START INPUT DATA

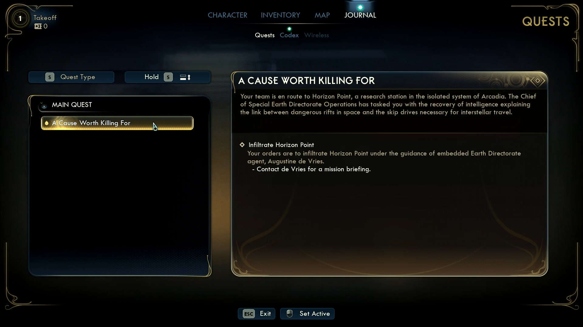 - Infiltrate Horizon Point: Your orders are to infiltrate Horizon Point under the guidance of embedded Earth Directorate agent, Augustine de Vries.
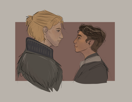 Are they in love? They totally look in love. If not, the darker dude totally has it for the red-head.
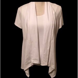 New directions white cardigan with open shawl lapels, short sleeves. Lace detail on back yoke. Small, Nwot
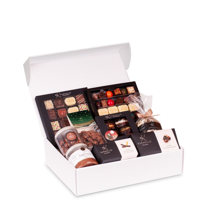 Poniższe słodkie upominki stanowią przykładową, poglądową ofertę, jaką przygotowujemy z myślą o poszczególnych świętach i wydarzeniach okolicznościowych. Za każdym razem, uzupełniamy ją o nowe i jeszcze pyszniejsze pralinki i czekoladki na święta. Zapraszamy do składania zamówień w okresie poprzedzającym konkretne święto bądź szczególną okazję. Jeśli już teraz szukają Państwo pomysłu na słodki upominek - zachęcamy do zapoznania się z czekoladowymi pomysłami na prezent, które znajdują się na stałe w naszej ofercie.

END INPUT DATA

The expected result is the data above in exact form, free of pictures.

 - Infiltrate Horizon Point: Your orders are to infiltrate Horizon Point under the guidance of embedded Earth Directorate agent, Augustine de Vries.
 Are they in love? They totally look in love. If not, the darker dude totally has it for the red-head.
 New directions white cardigan with open shawl lapels, short sleeves. Lace detail on back yoke. Small, Nwot
 Poniższe słodkie upominki stanowią przykładową, poglądową ofertę, jaką przygotowujemy z myślą o poszczególnych świętach i wydarzeniach okolicznościowych. Za każdym razem, uzupełniamy ją o nowe i jeszcze pyszniejsze pralinki i czekoladki na święta. Zapraszamy do składania zamówień w okresie poprzedzającym konkretne święto bądź szczególną okazję. Jeśli już teraz szukają Państwo pomysłu na słodki upominek - zachęcamy do zapoznania się z czekoladowymi pomysłami na prezent, które znajdują się na stałe w naszej ofercie.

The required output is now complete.